Sunday, 17 May 2015
All about Council
19 April 2015
I decide to prepare some guidelines for new Council members. In the past, when you joined Council, it all came as a nasty shock.
So I start writing. First I explain about CIPA’s Governance Structure and how Council fits into it; I do not mention square pegs and round holes although I am tempted to. Then I explain how Council meetings work, which they don’t, usually, so I have to make a lot of this up. Finally I explain what is expected of Council members. This bit is cribbed from what I have heard Mr Davies say he would like Council members to do. I might have to add a glossary for some of the terms he uses, because they are not normally in a patent attorney’s vocabulary.
I include guidance on reclaiming expenses (primarily, don’t try anything clever because the IGC will see straight through it) and on CIPA’s current biscuit policy. Then I explain about Council being transparent and accountable, especially to its own members, which is why we always get shown the agenda a day or so in advance and not just at the meeting like on some of the committees, and we always get shown the minutes to make sure they say what we thought we’d said and not what other people heard, and we sometimes get shown the papers in case we want to understand what we’re making decisions about although clearly this bit is optional because as all good meeting attendees know, a decision is best made on the day once you know how your arch-enemy is going to vote.
In the bit about the Governance Structure, I get a bit fancy-pantsy and lyrical and talk about Council being the brain and conscience of the Institute and the committees and staff being its eyes and ears and limbs.
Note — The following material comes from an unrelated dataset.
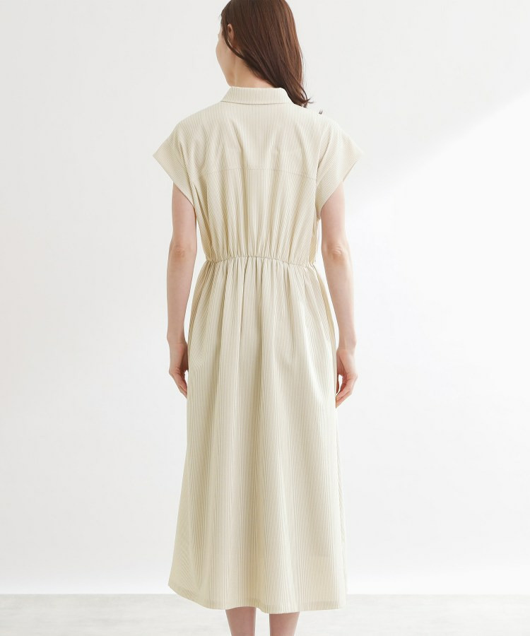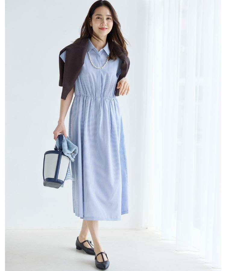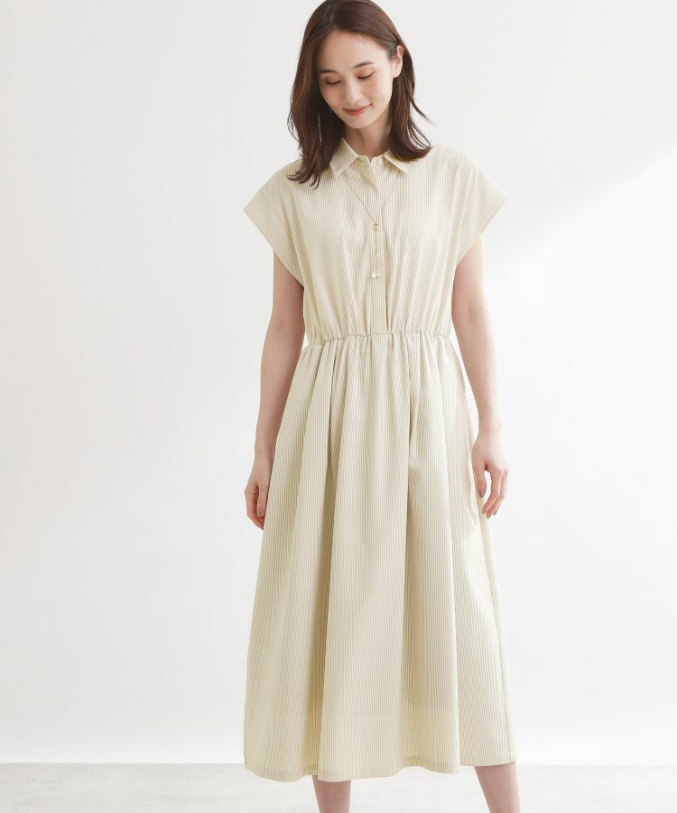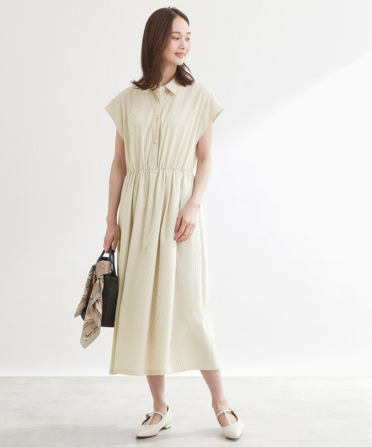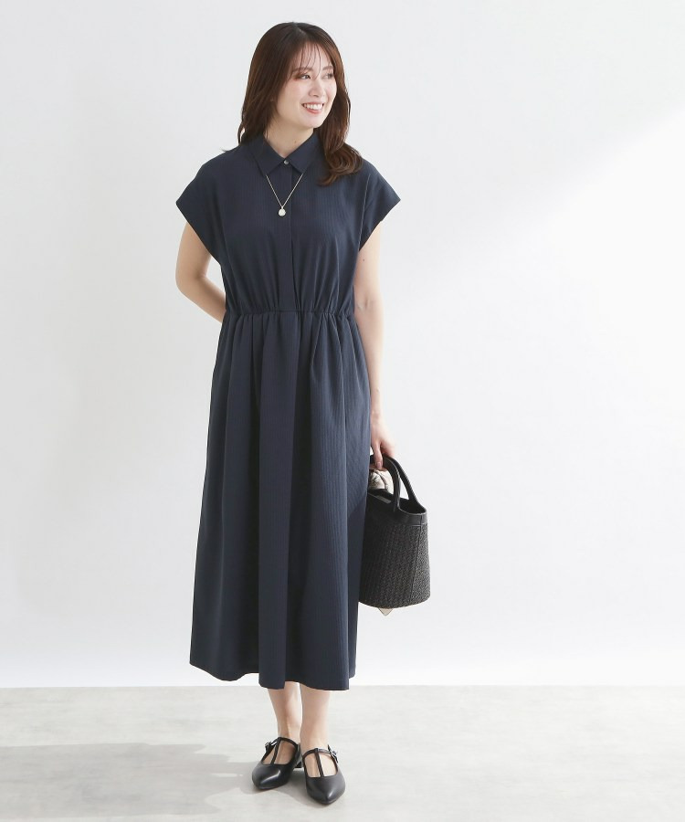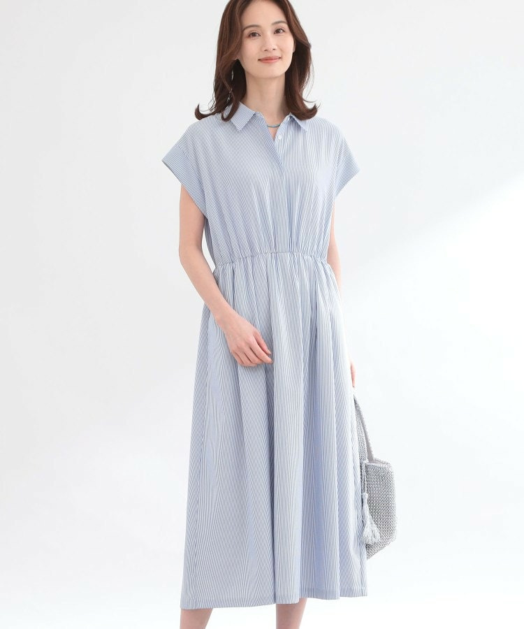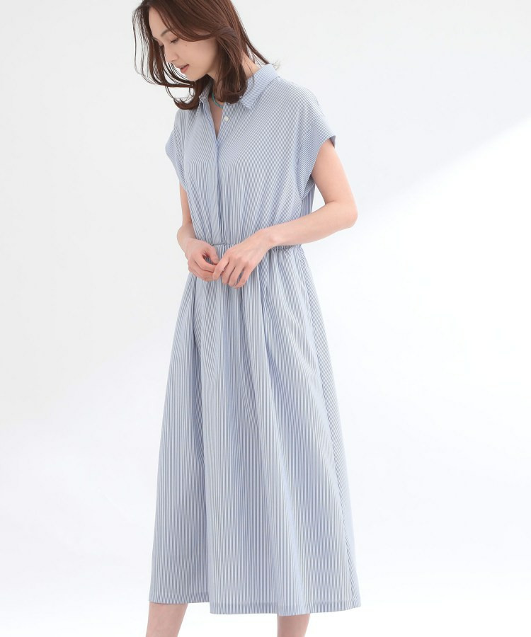 涼やかな軽さときちんと感を両立したサッカー素材のシャツワンピース。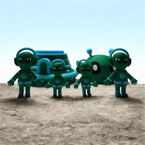 Articulating Alien Family With Spaceship Home - 3D Printed Flexible Sci-Fi Toy Set

This is stretching a metaphor, I know, because if Council really were a brain then all the psychotherapists in the world wouldn’t know what to do with it, but I am relying on the Poetic Licence defence.
The EyePeePee, who is a bit soft like that, says he would like to see a reference to the Institute’s heart. Tumbleweed drifts through our inboxes. Eventually I say Perhaps the heart of CIPA is its members? I say this because the brain cannot function without the heart but the heart can keep beating long after the brain has departed the real world, and this seems entirely appropriate in the context. Mr Davies asks Which bit of the Institute is the liver?, and I know he has asked this because the liver produces bile but I refuse to rise to the bait. I am not going to go through Gray’s Anatomy assigning organs to the various parts of CIPA; that way would surely lie disaster. Although I can think of an obvious medical metaphor for the Vice-President who got in by accident and is waiting to be found out.